The use of a facility also creates a greater financial opportunity to donate the proceeds to community organizations, Hamilton said.

“We have done what other rodeo associations are still struggling with and that is giving money back to the communities,” Hamilton said. “If we can continue to give back, then we remain a respected organization within the community. We don’t want to look at being big again, but being intelligent about how we operate.”

Last year, the Greater Palm Springs Chapter donated money to the Palm Springs Sisters of Perpetual Indulgence, the Palm Springs Leather Order of the Desert and the city of Banning Youth Foundation Awards program. “We hope to expand on that this year,” Hamilton said.

While social activities have been incorporated over the years to draw in more of the non-rodeo crowd, the competition run over two days remains the center of attraction. Hamilton said the difference between gay and straight rodeos is the way men and women compete. In a gay rodeo, men and women can compete in any event but will be judged only against their gender, while in straight rodeo there are gender specific events.

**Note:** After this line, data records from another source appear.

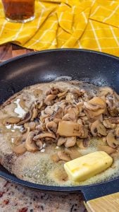 6. Place the butter and mushrooms into the skillet over medium heat, and saute until the mushrooms begin to soften.
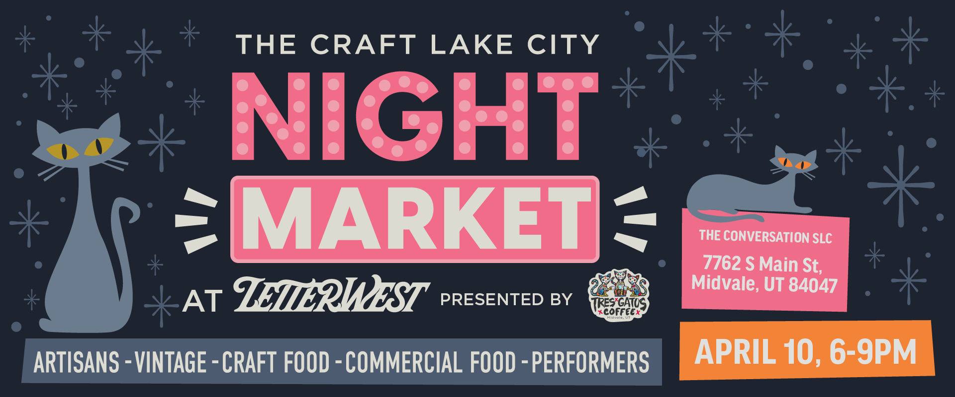 Experience an evening of creativity and community at the Craft Lake City Night Market Presented By Tres Gatos Coffee on April 10, 6-9 p.m. at Conversation SLC in Midvale, Utah.
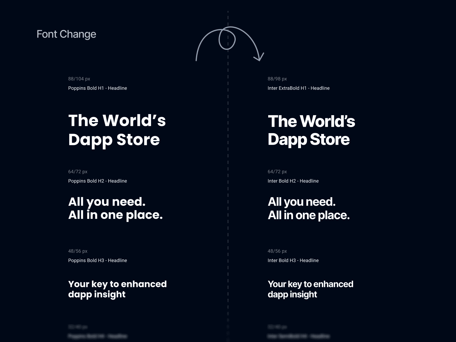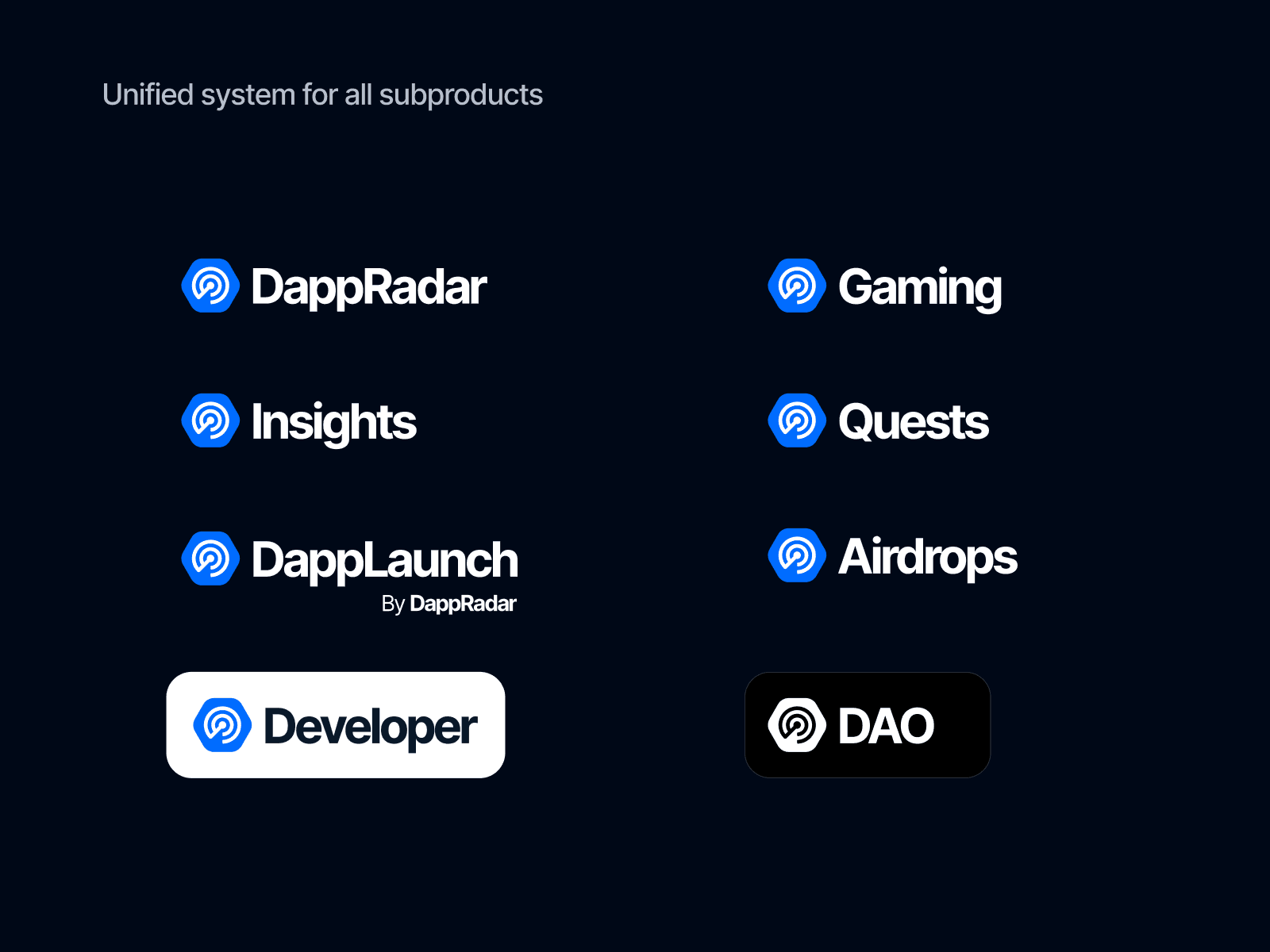 I led the 2025 refresh of DappRadar’s visual identity, modernizing the logo, refining the icon, and improving legibility across all surfaces. As part of the update, we switched the primary typeface from Poppins to Inter, strengthening readability in data-heavy UI, reflecting the changes in the Design System.
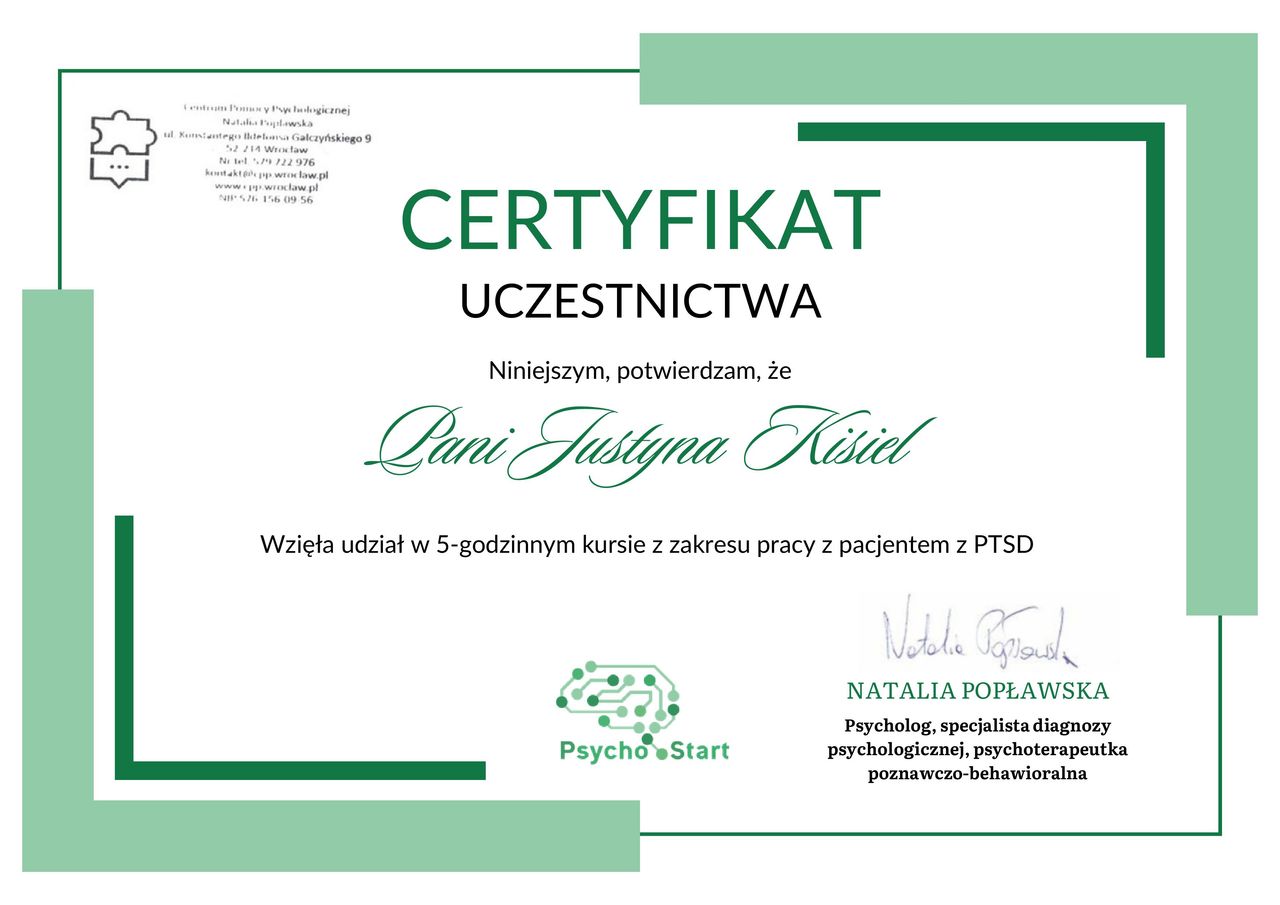 Pani Justyna to niezwykle empatyczna i ciepła osoba. Już od pierwszych spotkań czułam się przy niej bezpiecznie i zrozumiana. Potrafiła w delikatny, ale bardzo trafny sposób normalizować moje doświadczenia, dzięki czemu z każdą wizytą czułam, że naprawdę wzrastam i uczę się lepiej rozumieć siebie. Jej profesjonalizm idzie w parze z autentyczną życzliwością, co sprawia, że każda rozmowa z nią była dla mnie ogromnym wsparciem. Z całego serca polecam Panią Justynę każdemu, kto szuka mądrej i empatycznej terapeutki.

Galloway said she witnessed women step forward to participate or help administrate from the beginning. “As a woman, it was heartening to see that,” Galloway said.

Even 30 years since some of the first gay rodeos were held, the event remains an opportunity to show how rodeos can be a platform for inclusion that Galloway and Hamilton both found.

“Even in 2013, there are a lot of people who don’t know that it’s OK to be exactly who they want to be,” Hamilton said. “So, if we can help that a little bit then we will, and we’ll continue to represent and show what we’re like and inspire others to be who they want to be.”